Y aseguraba que su padre «era uno de esos hombres encantados por la poesía que nos hechizan con su presencia y nos deslumbran por el ejercicio magistral de la sencillez» (Alberto, 1997, p. 225). La casa del Vedado de los Diego fue siempre un lugar de reunión. Había un patio no demasiado grande en la zona trasera, que se utilizaba todas las noches para sentarse a contar historias. «Ahí se sumaban nuestros amigos —anota Lichi—. Lo mismo pasaban Pablito Milanés y Silvio que los poetas de cualquier generación. Como sabes, toda mi familia pertenece al arte y la cultura: músicos, poetas, bailarines, actores, y la casa de reunión era la nuestra. Papá era un hombre encantador, un pizpireto, y mamá era encantadora y bella, como dice su nombre. Además estaban los amigos de papá: Lezama Lima, Fausto Carrero —un gran pintor cubano— y después Gabriel García Márquez; luego los trovadores más jóvenes: Sara González, Virulo… Aquello era una fiesta» (Licona, 2006, s. p.). En aquellas veladas interminables en las que Eliseo y García Márquez eran protagonistas, Lichi descubrió que quería ser escritor, y llegó a ser un alumno distinguido del colombiano, a quien consideraba como un padre. Cuando Lichi era ya un escritor consagrado, todavía García Márquez le daba consejos o manifestaba su opinión sobre sus obras. A punto, por ejemplo, de publicar Esther en alguna parte, Gabo comentó: «Qué buen título. Si yo hubiera escrito una novela como ésta, Esther aparecería en el último capítulo». A lo que Lichi replicó: «Como soy su discípulo más avanzado, en mi novela Esther aparece en la última línea» (Licona, 2006, s. p.).
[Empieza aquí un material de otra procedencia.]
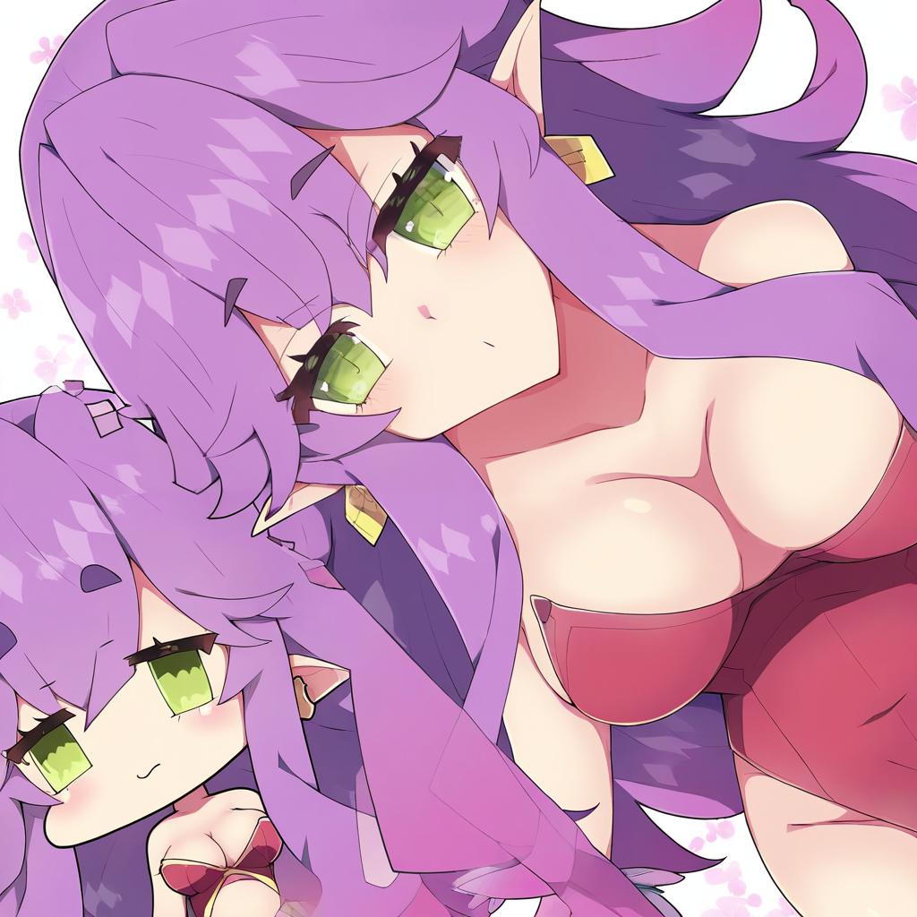 Angela (seiken densetsu 3), seiken densetsu, 1girl, pointy ears, green eyes, purple hair, long hair, very long hair, large breasts, medium breasts, cleavage, red leotard, red leotard, bare shoulders, earrings, by artist milkpanda, leet

El capítulo más interesante de esa relación de Lichi Diego con Gabo, nacida en el entorno de la amistad de Eliseo con el colombiano, es la historia de la creación y posterior destino de la novela Caracol Beach, con la que el cubano ganó el primer Premio Alfaguara, de 1998. Todo comenzó en 1989, en un taller literario de la Escuela de Cine de San Antonio de los Baños, impartido por García Márquez a diez alumnos, entre los que se encontraba Lichi, que fungía como asistente del profesor. En medio de todas las historias que allí se contaban para hacer un guión de una película, alguien aportó la anécdota de cuatro puertorriqueños que habían sido acosados por un individuo una noche cualquiera, y enseguida hubo sugerencias para el tipo de personaje que debería ser el asaltante. Lichi propuso que tendría que ser un suicida. Más tarde, el cubano escuchó varias historias de psicópatas que terminaban en muertes voluntarias. En 1994, Gabo pidió a Lichi que escribiera algunas de esas historias como un guión para una película. Éste eligió la de un cubano en la guerra de Angola en los años setenta y ochenta. La película no se llegó a realizar, pero ese personaje quedó latente hasta algo más tarde. Lichi explicó todo esto en el prólogo a su novela, que dedicó al maestro, porque el impulso final para escribirla llegó precisamente de él:

Hace dos años [1996] volví a leer un cuento de Gabriel que empieza con esta frase que es, en sí misma, una joya narrativa: «Como es domingo y ha dejado de llover, voy a llevar un ramo de flores a mi tumba». Entonces me senté a escribir esta novela sobre el miedo, la locura, la inocencia, el perdón y la muerte (Alberto, 1998, p. 10).